Chapter 52 must furthermore be construed in light of its original laudable purpose, to wit, elimination of the collateral consequences imposed upon otherwise law-abiding citizens who have had a minor brush with the criminal justice system. See N.J.S.A. 2C:52-32. Modification or expungement of a previously entered Final Order of Expungement would be inimical to that legislative purpose. The chapter was intended to permit a defendant to regain many of those civil privileges that are lost attendant to a criminal conviction, e.g., the right to serve on a jury, N.J.S.A. 2C:51-3b, the right to vote, N.J.S.A. 19:4-1, and the right to purchase and possess a firearm, see N.J.S.A. 2C:58-3c(1), 2C:58-4(c), and 2C:39-7. See N.J.S.A. 2C:52-27. The statutes also allow an individual to keep potentially embarrassing information about a prior criminal record private from the inquiry of employers and others. No other `relief', such as the second expungement sought by T.P.D., appears to have been intended.[7] The statutes were not designed to promote a criminal defendant's ability to avoid enforcement of his or her plea bargain by resort to the chapter's provisions. Indeed, there is nothing which suggests that the Legislature ever intended the statutes to be used in a manner that would allow a portion of an expungement to be subsequently expunged.

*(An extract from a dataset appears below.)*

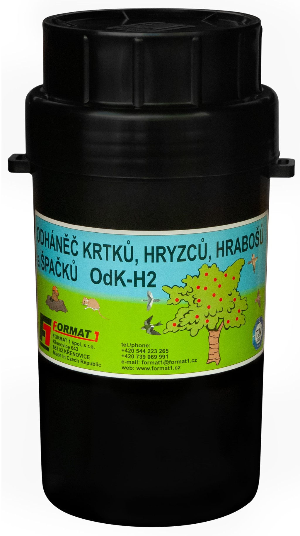 Elektroniczny, akustyczny odstraszacz kretów , łasic i nornic. To produkt w pełni czeski, z długą tradycją na rynku (od 1991 roku), produkowany bezpośrednio w naszej firmie FORMAT1 spol. s ro. Wersja OdKH2 to drugi, ulepszony model popularnej serii odstraszaczy kretów OdK-H. Ten odstraszacz kretów jest bardzo niezawodny i wydajny, sprawdzony przez wielu klientów od ponad 29 lat. Nieszkodliwy dla ludzi i zwierząt domowych.
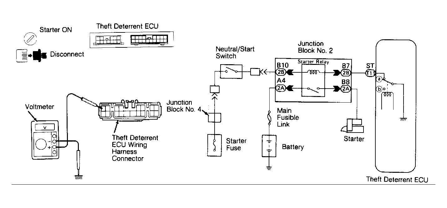5. Disconnect theft deterrent ECU connectors. See Fig 2. Turn ignition switch to ST (start) position. With transmission in Neutral, check voltage between ST terminal of theft deterrent ECU wiring harness connector and body ground.

In this application, however, T.P.D. is not only seeking to avoid access to his criminal records, but to avoid enforcement of the conditional discharge he received in return for his promise to never again seek a position in law enforcement. This result cannot be accomplished by an expungement. It is well established that plea agreements, though criminal in nature, are governed by principles of contract law. State v. Barone, 288 N.J.Super. 102, 118, 671 A.2d 1096 (App. Div.) (quoting United States v. Moscahlaidis, 868 F.2d 1357, 1361 (3rd Cir.1989)) certif. granted 144 N.J. 589, 677 A.2d 762 (1996). As such, they must be carried out and enforced unless the state or the defendant can establish that the plea agreement is invalid or that its enforcement would be manifestly unjust. R. 3:21-1. Neither basis has been proffered in the present matter and the plea agreement must therefore be enforced irrespective of whether a subsequent expungement is granted.
An expungement simply requires the state to extract and isolate the criminal justice records of a defendant. It does not alter, amend or render inoperative any conditions or terms contained in an order or plea agreement.